*Exercise brief*
Nothing but the lines below from the one holding "Greylag geese in" up to and including the one holding "171st stellation of" should be copied, exactly and without pictures.

*Entries shown*

▬▬▬▬▬▬

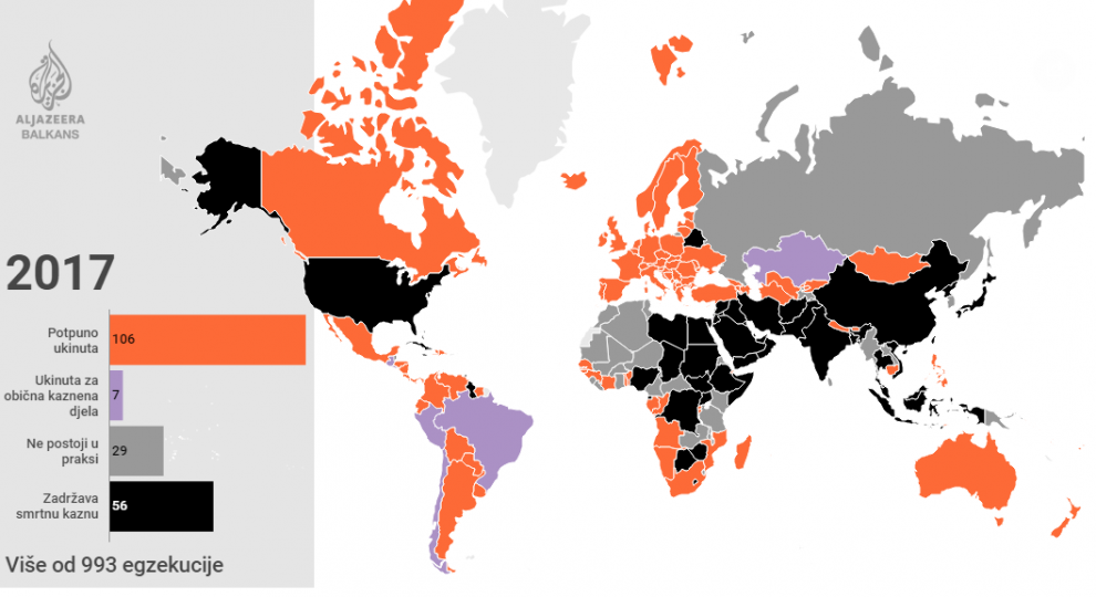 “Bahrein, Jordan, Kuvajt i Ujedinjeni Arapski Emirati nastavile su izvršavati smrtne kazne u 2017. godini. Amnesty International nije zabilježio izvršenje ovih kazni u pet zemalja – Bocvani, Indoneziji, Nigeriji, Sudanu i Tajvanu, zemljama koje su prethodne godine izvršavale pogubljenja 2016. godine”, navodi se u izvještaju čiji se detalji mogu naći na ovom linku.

▬▬▬▬▬▬

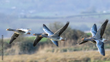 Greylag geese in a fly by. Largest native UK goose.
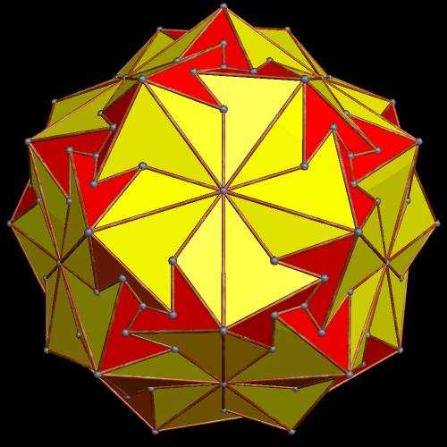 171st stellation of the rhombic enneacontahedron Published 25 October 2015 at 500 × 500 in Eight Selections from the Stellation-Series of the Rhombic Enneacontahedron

▬▬▬▬▬▬

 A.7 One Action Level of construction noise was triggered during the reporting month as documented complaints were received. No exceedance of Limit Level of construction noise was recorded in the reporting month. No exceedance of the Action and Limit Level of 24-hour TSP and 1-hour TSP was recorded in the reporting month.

▬▬▬▬▬▬

*Task result*
 Greylag geese in a fly by. Largest native UK goose.
 171st stellation of the rhombic enneacontahedron Published 25 October 2015 at 500 × 500 in Eight Selections from the Stellation-Series of the Rhombic Enneacontahedron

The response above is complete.